Think about data preprocessing as a specification, Martin suggests. The challenge becomes: “How do you write a good specification for people who have to independently implement it across a distributed architecture?”
Intel has already incorporated the tools and “sanity checks” that have emerged from this project into OpenFL. “We’re trying to build community around [OpenFL],” he says. “I think it has all the core elements: a strong software engineering team at Intel robust-ifying it for production capability. But hoping that it will also be a trustable open-source project that others can use and contribute to.”
OpenFL is used by Frontier Development Lab, in which NASA, Mayo Clinic and Intel are studying the effect of cosmic rays on human life; Montefiore, which used OpenFL to gather data from multiple hospitals to predict ARDS deaths in COVID-19 patients; and Aster DM Healthcare, which linked three hospital clusters to train chest x-rays to detect pneumonia.
Members of the glioblastoma federation have also made many suggestions for the next problems to tackle. “We’ve currently opened up this collaborating network of participating sites to pursue further studies that ask different kinds of questions,” Bakas says. He lists patient prognosis, molecular markers, and tumor recurrence as possible areas of focus.

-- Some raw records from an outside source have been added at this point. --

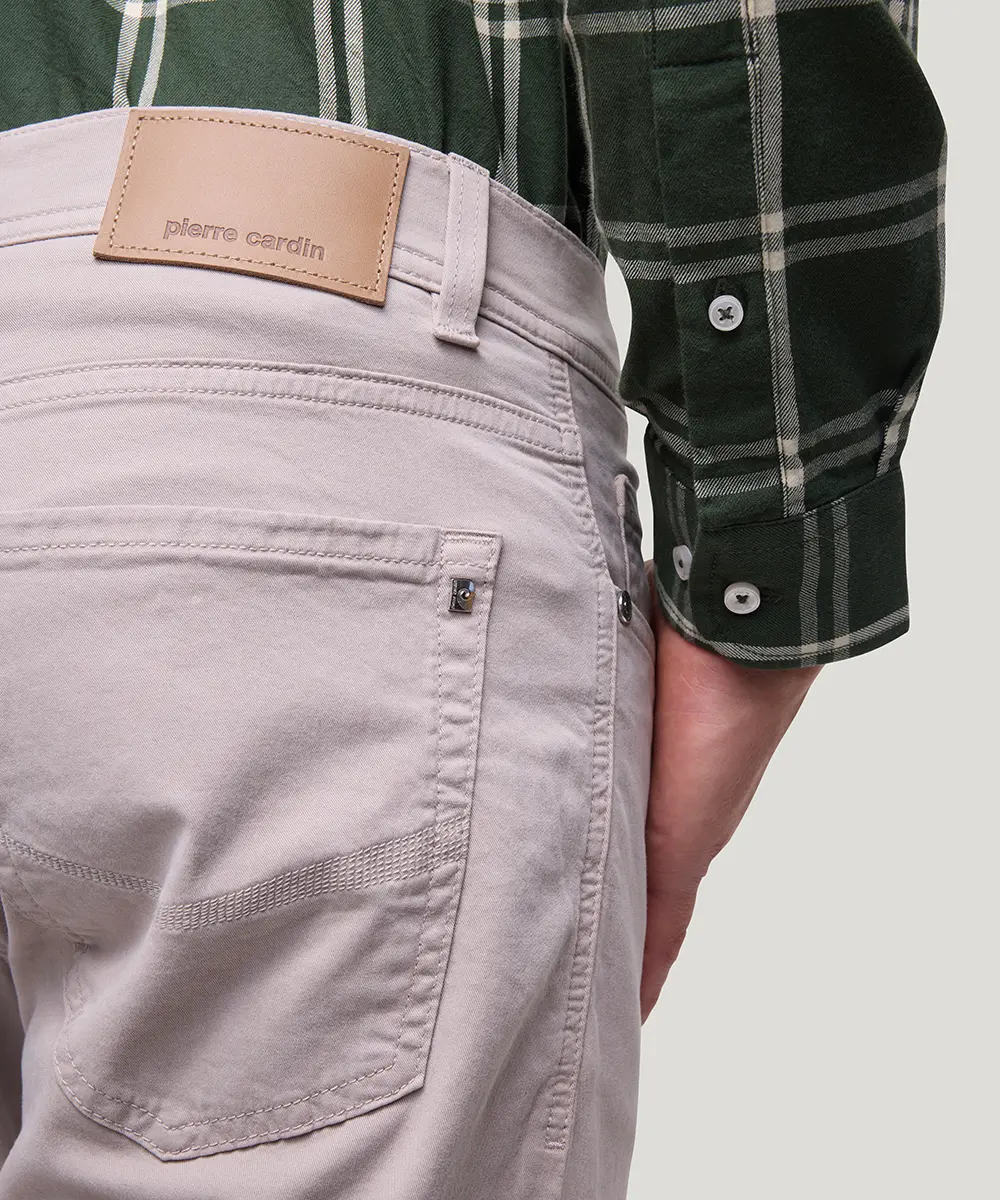 Pierre Cardin stretch jeans khaki Lyon. Pierre Cardin future flex stretch 5 pocket jeans met rechte pijp en hoog aansluitend in de taille. De kwaliteit is 72% katoen, 26% Lyocell, 2% Elastaan.
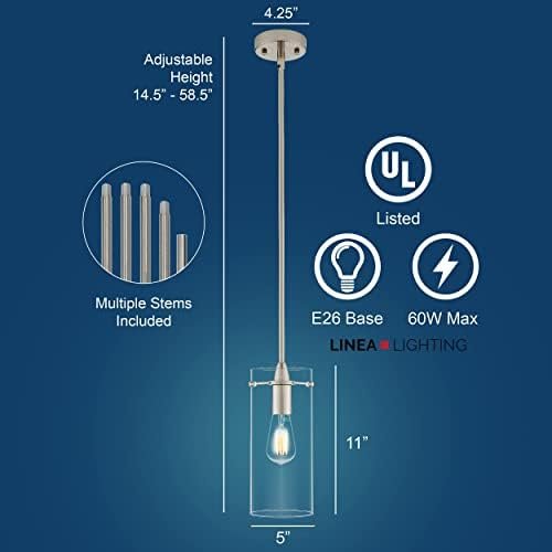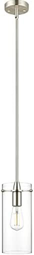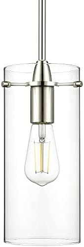 COMPATIBLE WITH MOST STANDARD MEDIUM BASE BULBS – This brushed nickel kitchen pendant light fixture comes with medium clear glass shade that has a diameter of 4.87″ and a height of 11″
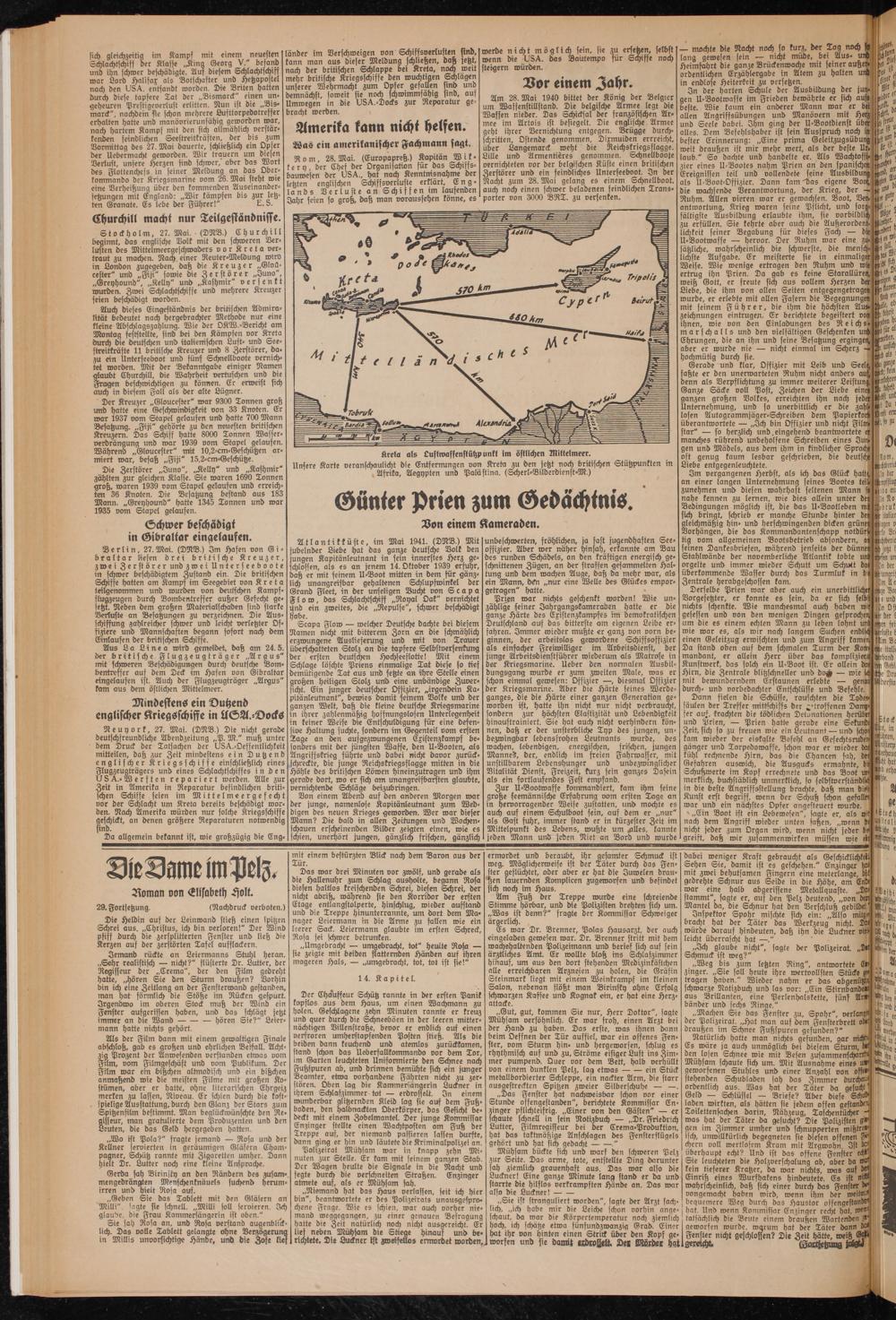 länder im Verschweigen von Schiffsverlusten sind, kann man aus dieser Melduna schließen, daß jetzt, nach der britischen Schlappe bei Kreta, noch weit mehr britische Kriegsschiffe den roudjtigen Schlagen unserer Wehrmacht zum Opfer gefallen sind und demnächst, soweit sie noch schwimmfähig sind, auf Umwegen in die USA.-Docks zur Reparatur gebracht werden.
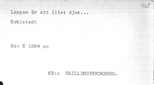 //// Loppan är ett litet djur... //// Sehlstedt //// Se: E 1864 oo //// KB :s SKILLINGTRYCKSREG. //// i //// h i ////
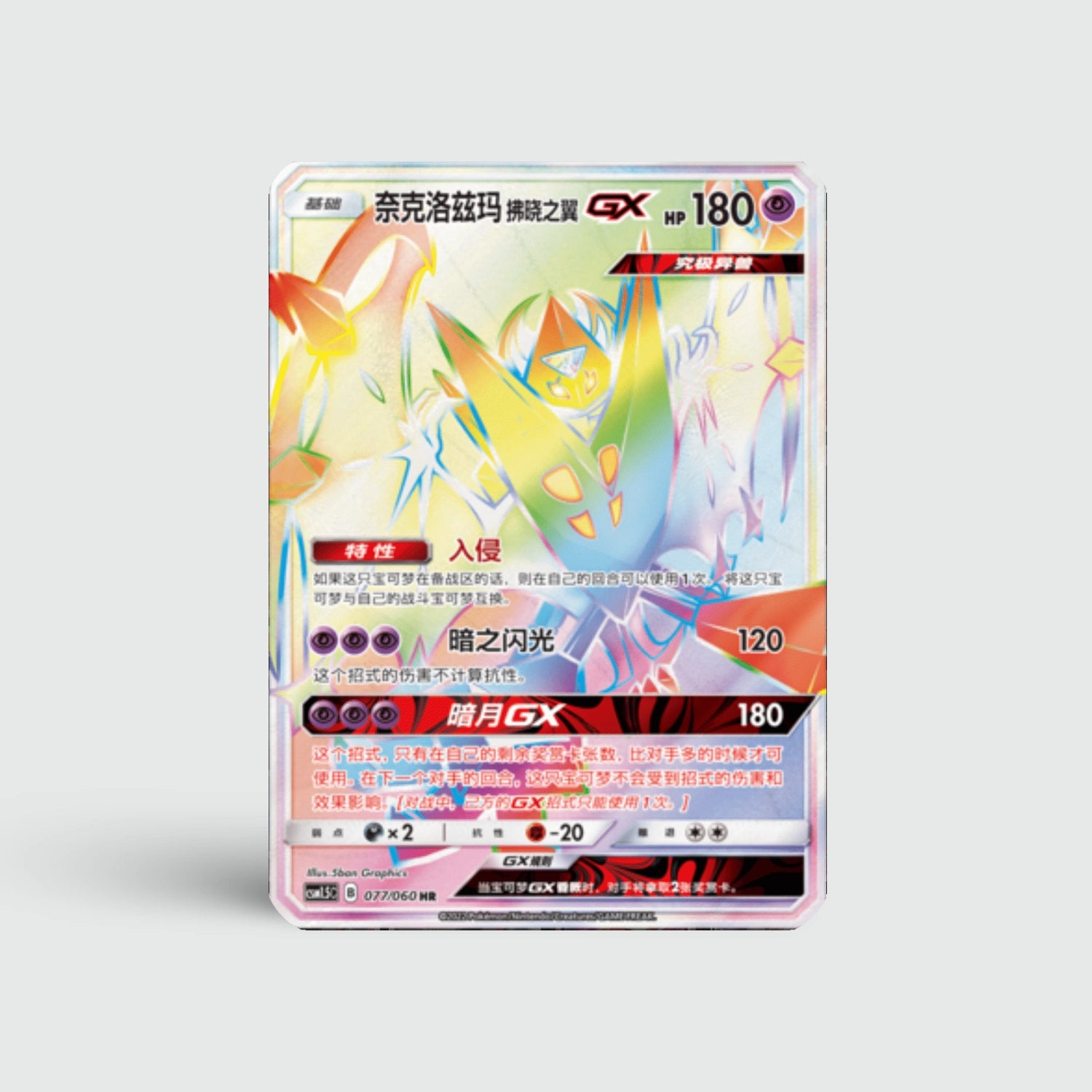 Dawn Wings Necrozma GX (CSM1.5C 077) toont betoverend Rainbow-artwork dat de mystiek van deze legende benadrukt.
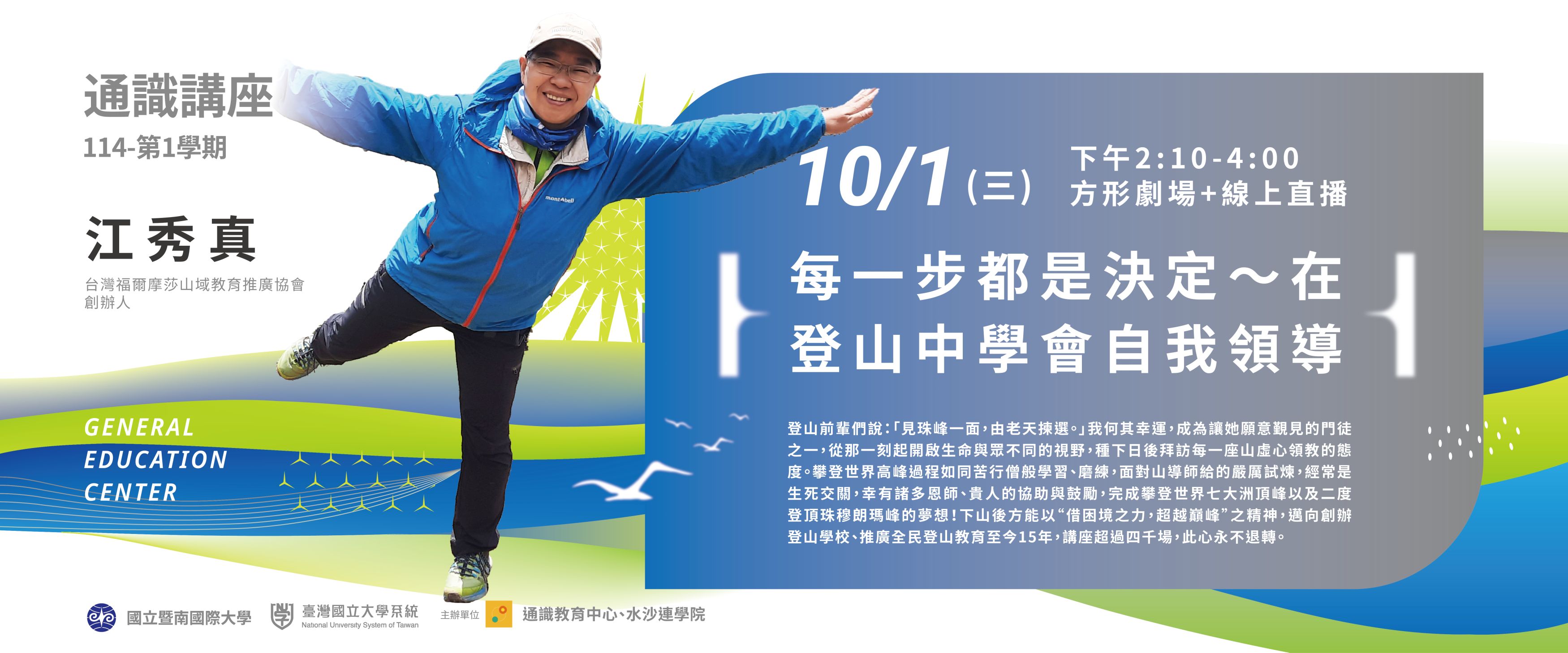【轉知活動】NUST名人講座:每一步都是決定~在登山中學會自我領導
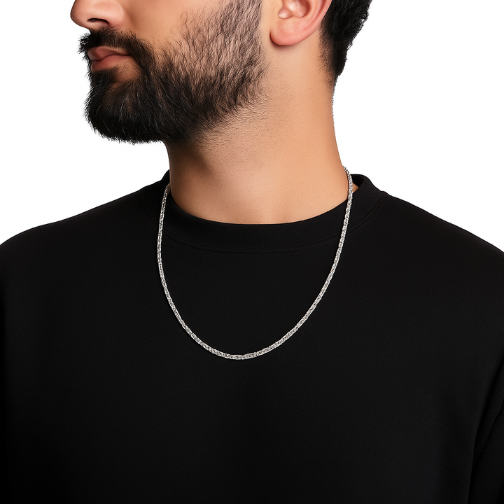 Massive Königskette (vierkant) mit 2,2mm Kantenbreite. Die Königskette besteht aus massivem 925er Silber und ist entsprechend gestempelt. Ein passender Karabinerverschluss und dezente Endkappen ergänzen die hochwertigen Kettenglieder und lassen keinen Zweifel an der Langlebigkeit der Königskette.
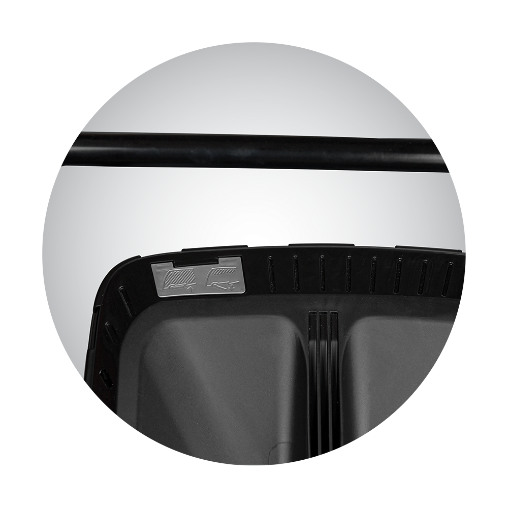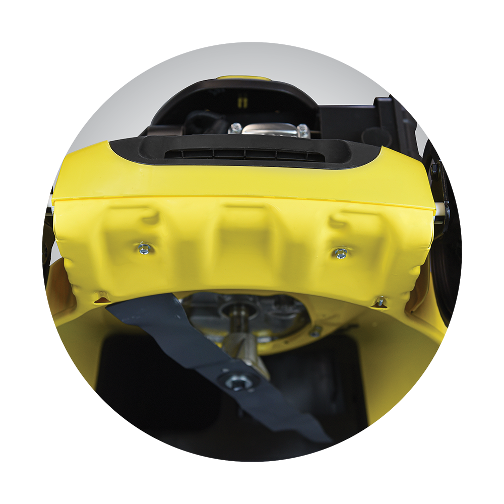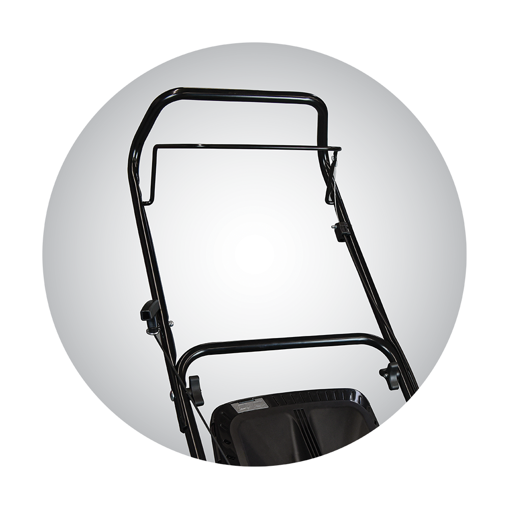 Στιβαρό ατσάλινο πλαίσιο κοπής, μπροστινό κάλυμμα με λαβή Κεντρική ρύθμιση ύψους κοπής 6 θέσεων
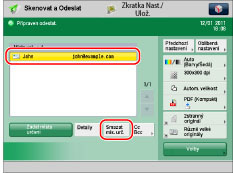 Před skenováním dokumentů můžete zkontrolovat, upravit nebo smazat zadané místo určení.
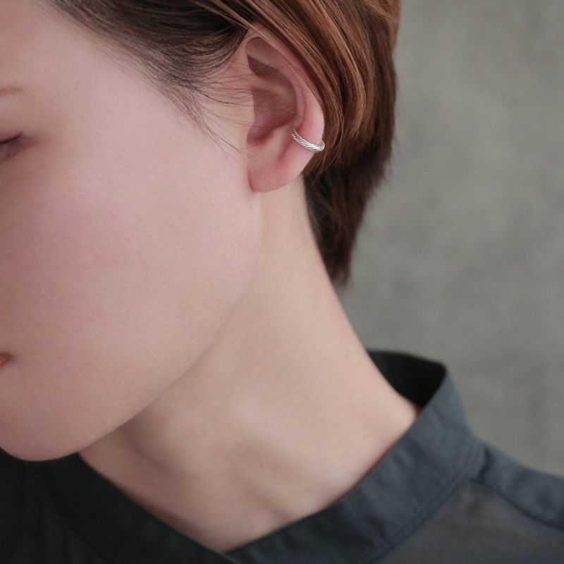 イヤーカフ ニッケルフリー シンプル 彫 クリアコーティング シルバー925 イヤリング 【片耳用】
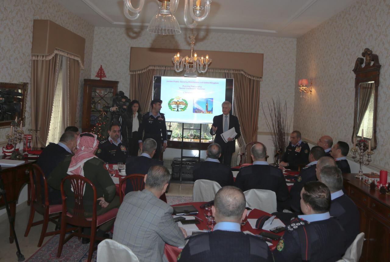 واشتملت ورشة العمل التي حضرها عدد من قادة امن الاقاليم ومدراء عدد من الوحدات الشرطية وفريق العمل البريطاني على عدة جلسات حوارية لأوراق نقاشية قدمها متخصصون من الجانبين تضمنت تعزيز سبل التعاون في مجالات مهمة أبرزها التدريب ونقل الخبرات بين الطرفين بالإضافة الى بحث اليات تنفيذ برنامج الشراكة الأردني البريطاني من اجل تعزيز العمل الامني والارتقاء بمستوى الخدمة المقدمة لكل من يقيم على أرض المملكة .
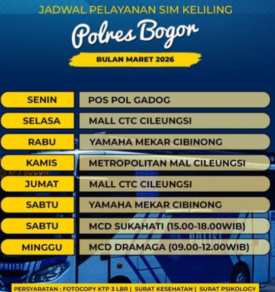 Layanan SIM keliling di Kabupaten Bogor beroperasi setiap hari dengan lokasi yang berpindah sesuai jadwal. Berikut rincian titik pelayanan untuk periode Maret 2026.
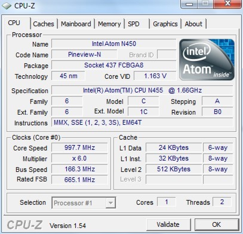foglalt helyet (a gyári specifikációkban N450 szerepel), mely 1.66 GHz-es órajelen m?ködik és ugyan egyetlen processzor
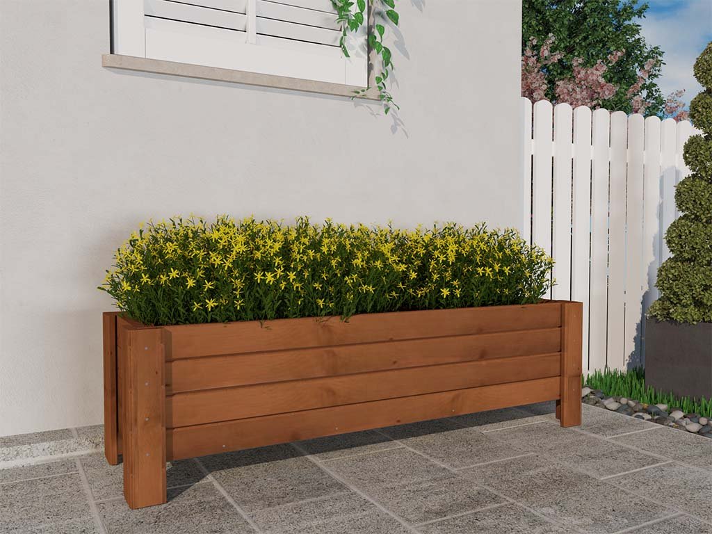 Drevo je morené na teakovú farbu. Kvetináč tým získava netradičný vzhľad a stane sa neprehliadnuteľnou dominantou vašej záhrady.

The wealth of options is prompting conversations about creating a persistent federation, Martin says, which will bring its own new challenges and opportunities both technically and on the governance side. “Rather than building a new workload for every experiment, let’s set up the infrastructure, leave it up and running, and build a governance model around how you get an experiment on it.”
Martin is also intrigued to explore how a federated learning model influences our understanding of bias in the data.
“We did some experiments [looking at] how did the consensus model do compared to each institution going it themselves, training on their own data with nothing else… We wanted to make sure they weren’t actually harmed by the federation—as in the model they could train themselves wasn’t better than the consensus model,” he says. “It’s one of the areas I’m most excited about. In the world of machine learning, often we concern ourselves mainly with accuracy metrics, which are very important. But sometimes we misinterpret a drop in accuracy as a failure rather than a signal that there’s something important going on.”
The model is generalizable, but it’s too generalizable. What I meant by that is When you get a model that’s gained knowledge of all of these diverse populations and you want to apply it to your own institution or your own hospital or your own health systems, then you need it to be personalized to your attending patient population. We’ve seen, for example, other instutions that have a predominance of white, Caucasian population. Others have a predominantly African American population. Upon circulation of the final consensus model, federated learning here enables the participating collaborators to personalize this consensus model to their own attending patient population.
So yes, it has gained knowledge from all these diverse data, but it is also focused on the particular attending population.